GSO-2010: Alaa Abi-Haidar and Luis M. Rocha
Collective Classification of Textual Documents Using Self-Organized Cross-Regulatory T-cells in the Adaptive Immune System
The immune system is a distributed collection of molecular constituents with no central controller. Therefore, its classification of self from nonself needs to result from a self-organizing, collective classification process, defined as the ability of decentralized systems of many components to classify situations that require global information or coordinated action.

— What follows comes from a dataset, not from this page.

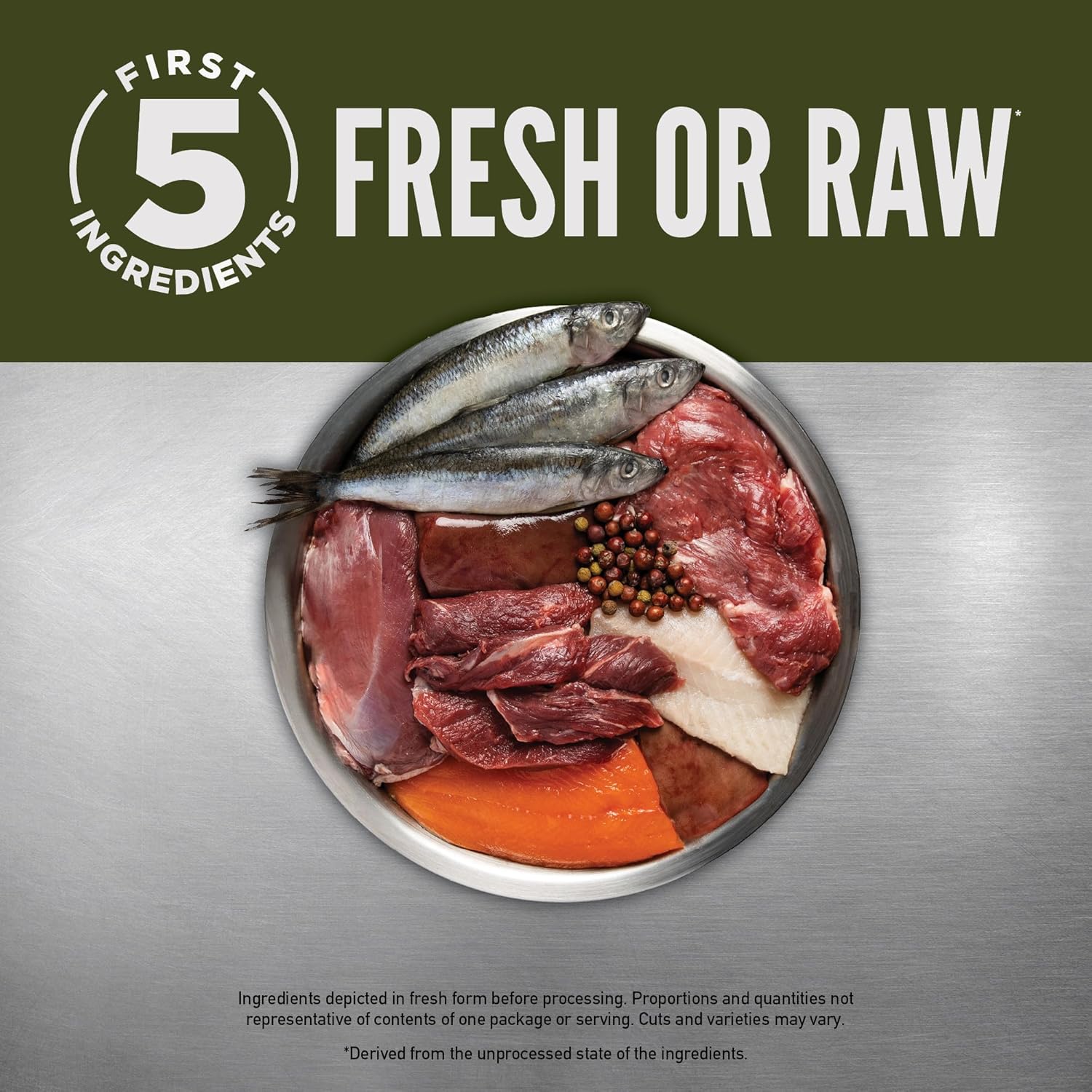• First six ingredients are fresh or raw*** duck, Arctic char, rainbow trout, whole pilchard, ranch-raised venison and pork liver

Nature is full of examples of collective classification: the dynamics of stomata cells on leaf surfaces are known to be statistically indistinguishable from the dynamics of automata that are capable of performing nontrivial classification, biochemical intracellular signal transduction networks are capable of emergent classification, quorum sensing in bacteria and social insects, etc. We can study collective classification in general models of complex system such as Cellular Automata, namely by identifying regular patterns in the dynamics that store, transmit and process information. Here, instead of looking at generalmodels of complex systems, we focus on a specific immunological model of T-Cell cross-regulation self-organizing dynamics.
By guiding the self-organizing dynamics of this model from initial conditions and dynamical parameters, we have : (1) built a novel bio-inspired machine learning solution for document classification, and (2) provided a better understanding of how well collections of T-Cells engaged in crossregulation perform as a classifier. The first goal entails a bioinspired approach to computational intelligence, and the second a computational biology experiment, but both are based on complex systems principles.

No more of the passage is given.